## Problem requirements
Copy out exactly, from the entries that follow, the line holding "A contemporary style", the line holding "River Island cosy", and all lines between them, but no pictures.

## Data extract
»»
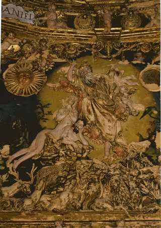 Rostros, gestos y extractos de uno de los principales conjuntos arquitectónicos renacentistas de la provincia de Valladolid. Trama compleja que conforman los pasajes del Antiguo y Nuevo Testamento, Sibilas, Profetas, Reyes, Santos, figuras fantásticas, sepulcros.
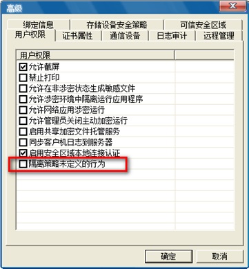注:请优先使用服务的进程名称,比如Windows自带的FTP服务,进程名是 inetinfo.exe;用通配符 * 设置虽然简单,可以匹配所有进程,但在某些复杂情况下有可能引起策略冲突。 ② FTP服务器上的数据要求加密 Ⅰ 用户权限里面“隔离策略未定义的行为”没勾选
««
»»
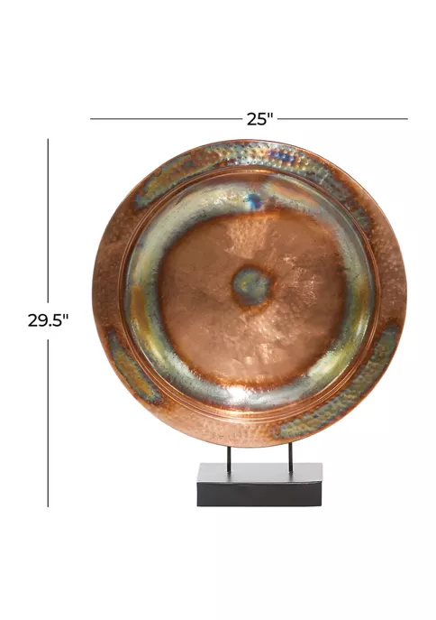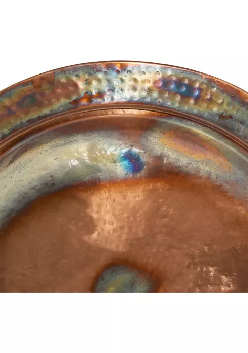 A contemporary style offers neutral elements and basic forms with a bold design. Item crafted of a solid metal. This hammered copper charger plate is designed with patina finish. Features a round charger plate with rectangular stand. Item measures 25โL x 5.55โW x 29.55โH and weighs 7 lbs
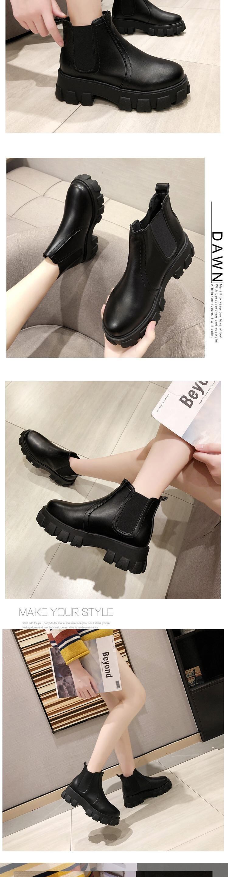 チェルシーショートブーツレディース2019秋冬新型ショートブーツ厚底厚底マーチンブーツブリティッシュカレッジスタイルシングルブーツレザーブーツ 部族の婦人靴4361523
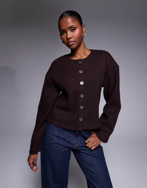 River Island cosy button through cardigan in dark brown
««
## Written response
 A contemporary style offers neutral elements and basic forms with a bold design. Item crafted of a solid metal. This hammered copper charger plate is designed with patina finish. Features a round charger plate with rectangular stand. Item measures 25โL x 5.55โW x 29.55โH and weighs 7 lbs
 チェルシーショートブーツレディース2019秋冬新型ショートブーツ厚底厚底マーチンブーツブリティッシュカレッジスタイルシングルブーツレザーブーツ 部族の婦人靴4361523
 River Island cosy button through cardigan in dark brown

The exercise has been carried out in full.